Port Issue 26 Spring / Summer 2020

Page 158

What if it’s your lawn? I asked. It’s not my lawn, he said. One of the twins was hungrier than the other. I could feel them in the washbowl of my stomach, circling. There was a commotion larger than usual one day. I went into the hospital to have them look on the scanner, and they told me that there was only one twin left. He ate the other, I said to the nurse, remembering the churning, the fight I had sensed.
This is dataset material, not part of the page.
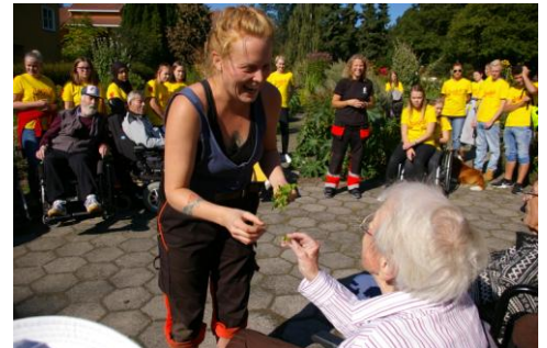
Seniortur til Dømmesmoen

You like to lie down a lot, he said after the first time. I’ve seen you through the windows. Always on the couch, or on the bed. Maybe that’s what drew me in. Find a more compelling reason, I told him. Is it better than with him? the neighbour asked during the second time. He was hale and ruddy, like a steak magicked into a man. He didn’t put his fingers into my mouth, preferring instead to slap me on the rump, as if I, in fact, were the steak, and in need of tenderising. It’s different, I said. That’s all you can say. Would you describe your husband as a cruel man? he asked. Crueller than me? He pulled out and walked to the en-suite before I could answer. I could hear him finishing himself off above the sink, could see a little of the motion of his arm in the reflection of the mirror above it. He came with a juddering like a car starting, then washed up. What’s this poky fish head all about? he called through. It’s a memento from our honeymoon, I called back. You hate it, I can tell, he said, the water still running. Anyone would hate it. You should take more control over your life. If you just keep letting things happen to you, sooner or later something interesting will, I said to him as he came back in, wiping his hands dry. What if someone murdered you? he asked. He put his hands contemplatively around my neck. I suppose that would be interesting, at first, I said. You owe us dinner, he said, letting go of my neck, and he was right.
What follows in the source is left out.